The proposed legislation lacks any environmental rules specific to the aquaculture industry, leaving those matters for agency rule making, and would allow foreign ownership of U.S. offshore fish farms.
The legislation also puts regional fishery councils, such as Alaska's North Pacific Fishery Management Council, in a consultative role rather than a permitting role.
Ten-year permits for offshore fish farms would be issued by the U.S. Department of Commerce, which would also levy fees and evaluate the suitability of farm sites.
Murkowski introduced a bill this spring that would prohibit development of the new farms pending further study of its environmental and socioeconomic consequences. Her father, Gov. Frank Murkowski, has taken a similar stance.
The governor wants a five-year moratorium on offshore finfish farms, said his spokeswoman, Becky Hultberg.
Salmon farms introduced worldwide hurt Alaskan salmon fisheries and fish-farming ventures, due to their dramatic downward pressure on salmon prices.
Since then, Alaskan seafood harvesters have established niche markets capitalizing on "wild-caught" salmon and ecologically sustainable harvesting.
International aquaculture companies are now on a path of rapid consolidation and refinancing but have been targeted by environmentalists for escapes of non-native fish and parasites discovered on fish around salmon farms.
"We already have enough problems with escaped farmed salmon from Canada," said Mark Vinsel, executive director of the United Fishermen of Alaska. "Fishermen don't want to see this happen anywhere near the Alaska coast."
Sen.
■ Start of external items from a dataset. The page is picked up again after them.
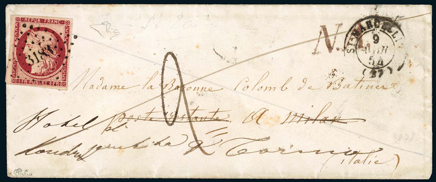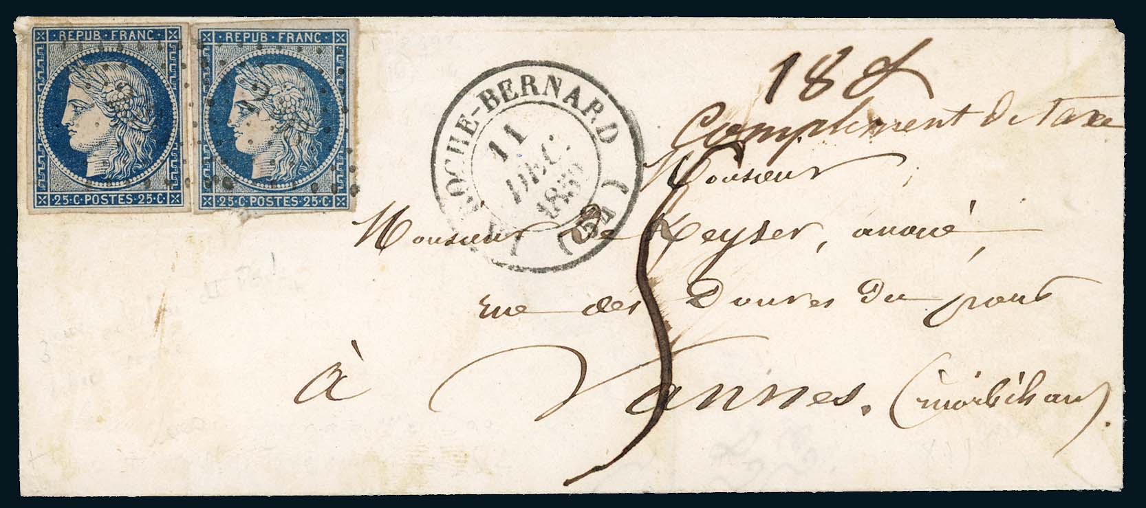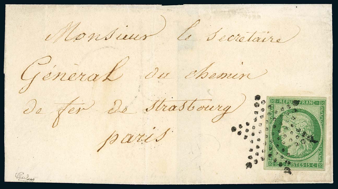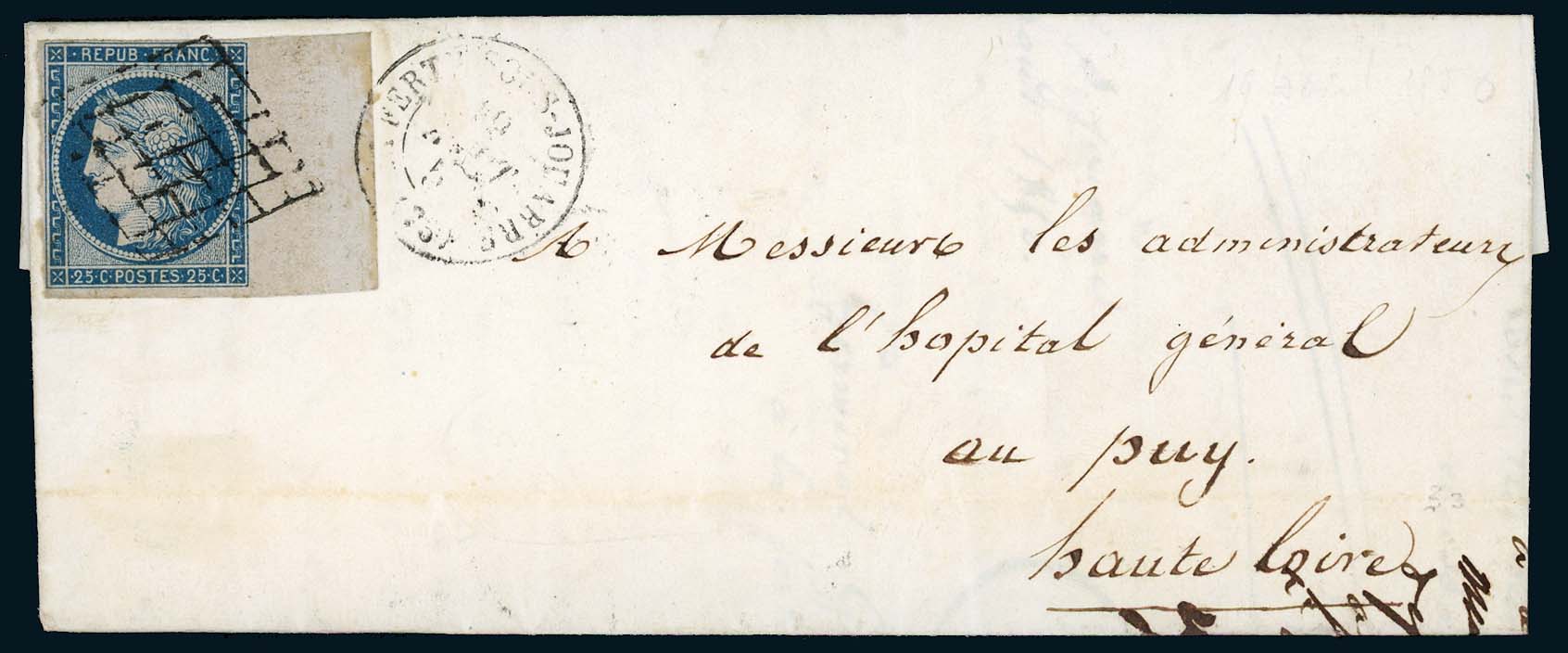 45 | N°3 OB C. STRASBOURG du 1er janvier 1849 sur lettre pour Le Donjon avec réexpédition à son expéditeur avec C. LE DONJON sur le timbre, avec au verso C. STRASBOURG A PARIS (1/1), C. LE DONJON (4/1) et C. PARIS (8/1) 1er janvier 1849 Combinaison rare, certificat Brun TB | 1500 | 2500 | 1500 | enchérir | |
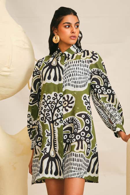 Green dress featuring Sohrai painting handblock print and puffed sleeves
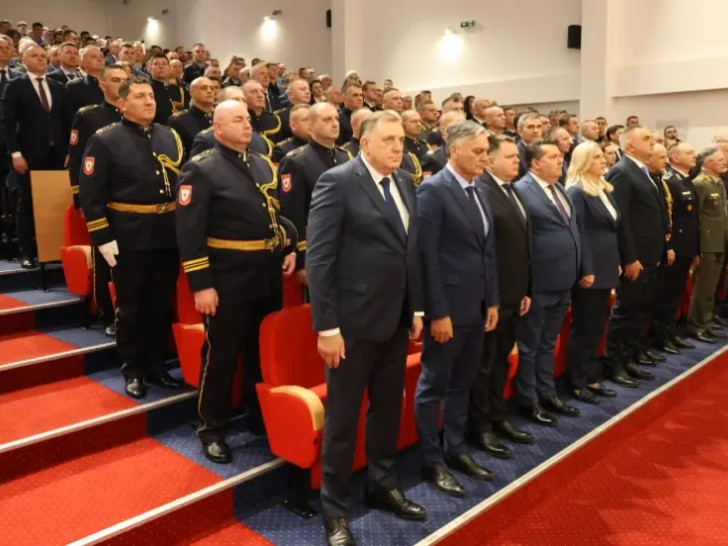 Prije početka svečanosti, lider SNSD-a Milorad Dodik položio je vijenac na spomen-ploču poginulim pripadnicima Ministarstva unutrašnjih poslova.
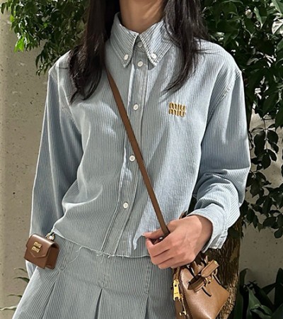 [명품레플리카,MIU MIU] 미우미우 25SS 로고 자수 여성 스트라이프 남방 셔츠 (스카이블루), BM20875, 13C, 홍콩명품의류,구매대행,온라인명품 > 여성몰
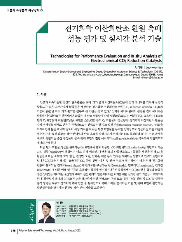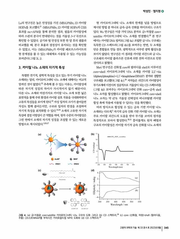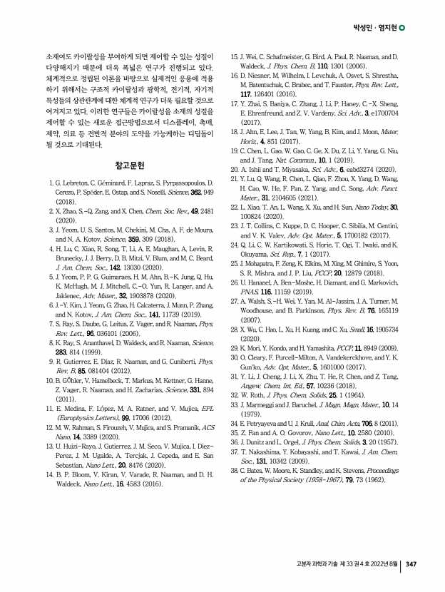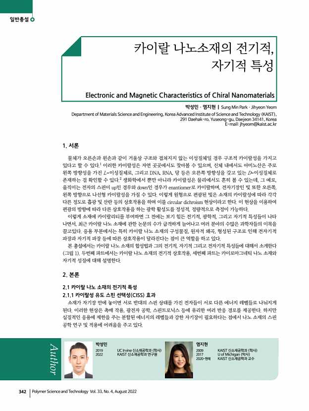 박성민ㆍ염지현 고분자 과학과 기술 제 33 권 4 호 2022년 8월 347 소재여도 카이랄성을 부여하게 되면 제어할 수 있는 성질이 다양해지기 때문에 더욱 폭넓은 연구가 진행되고 있다. 체계적으로 정립된 이론을 바탕으로 실제적인 응용에 적용 하기 위해서는 구조적 카이랄성과 광학적, 전기적, 자기적 특성들의 상관관계에 대한 체계적 연구가 더욱 필요할 것으로 여겨지고 있다. 이러한 연구들은 카이랄성을 소재의 성질을 제어할 수 있는 새로운 접근방법으로서 디스플레이, 촉매, 제약, 의료 등 전반적 분야의 도약을 가능케하는 디딤돌이 될 것으로 기대된다. 참고문헌 1. G. Lebreton, C. G minard, F. Lapraz, S. Pyrpassopoulos, D. Cerezo, P. Sp der, E. Ostap, and S. Noselli, Science, 362, 949 2018 2. X. Zhao, S.-Q. Zang, and X. Chen, Chem. Soc. Rev., 49, 2481 2020 3. J. Yeom, U. S. Santos, M. Chekini, M. Cha, A....
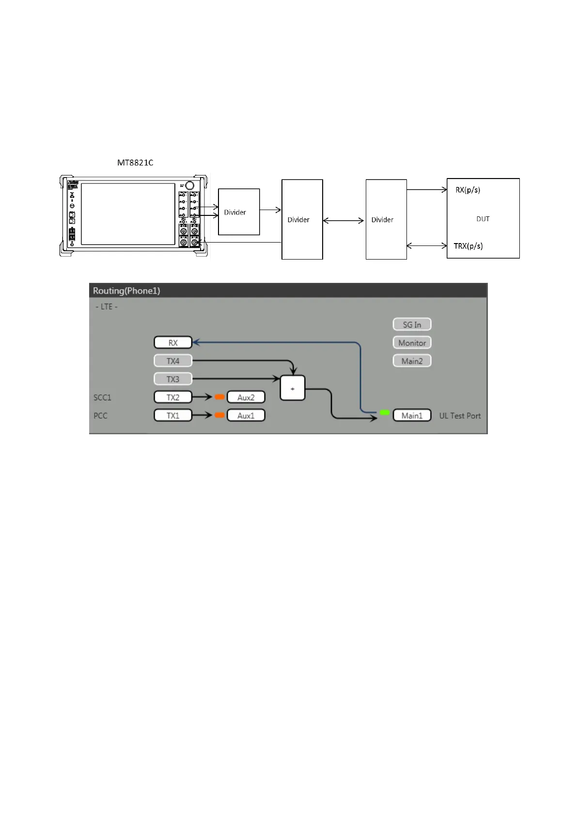 Figure 2.2.1-5 Connection Diagram and Internal Routing Diagram for 2DL CA and 1UL CA, Tx and Rx Test
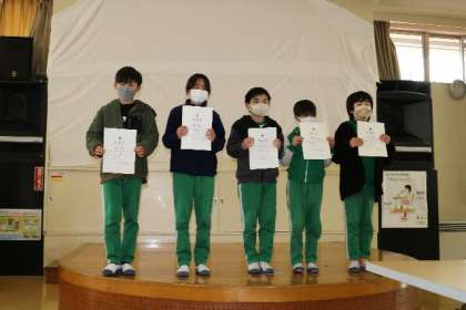 令和4年度の前期児童会役員の認証が行われました。名前を呼ばれた児童は壇上に上がり、一人ずつ認証状を受け取りました。その時に、自分の決意を述べる姿も見られました。
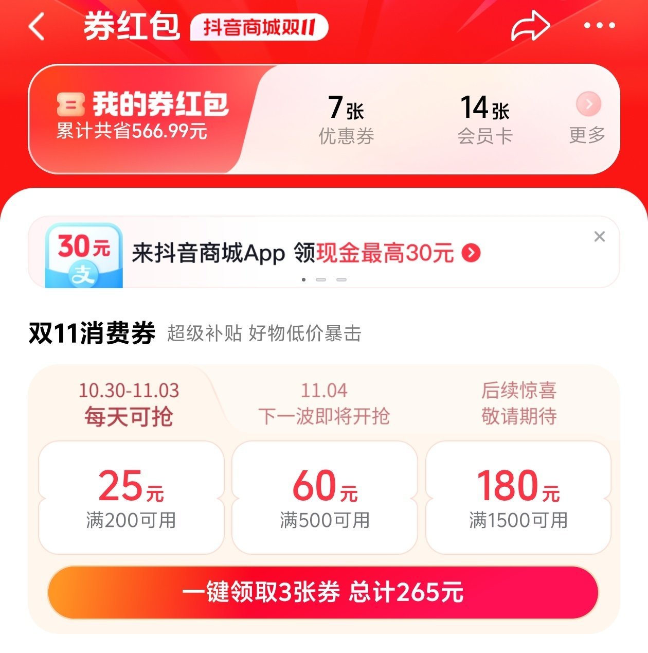 你将会在各种平台的广告刷到来自抖音的优惠券(5折到95折或者立减券)
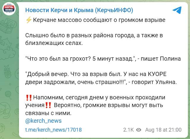 В окупованій Керчі сьогодні, 18 серпня, увечері були чутні сильні вибухи. Що стало причиною - поки що невідомо.
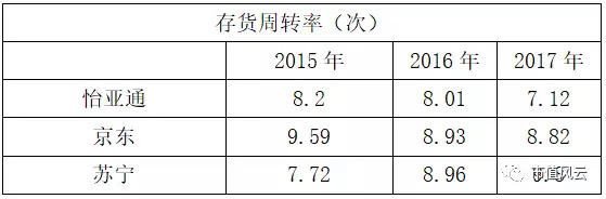 下面比较下怡亚通、京东、苏宁最近三年的存货周转率:

Murkowski demanded a legislative environmental analysis of the aquaculture bill on Tuesday.
In Alaska, finfish farming in state waters is banned but mariculture (shellfish farming) is allowed under state law.
So far, NOAA has provided funding for a handful of shellfish and finfish offshore pilot farms in New Hampshire, Hawaii and Puerto Rico through its Sea Grant program.
One pilot mariculture project in the Gulf of Maine has become profitable, farming rope-cultured mussels, but it is too early to evaluate the economics of the finfish projects, said Michael Rubino, manager of NOAA's aquaculture program.
NOAA predicts that global seafood demand will more than triple by 2025.
Two international aquaculture companies contacted Tuesday did not comment on the record about NOAA's bill, though one company official in Canada said operating offshore probably would add costs to business operations.
Due to concentrated development along the U.S. coastline, near-shore fish farming is not really a viable option, according to Richard Langan, an aquaculture research coordinator based at the University of New Hampshire.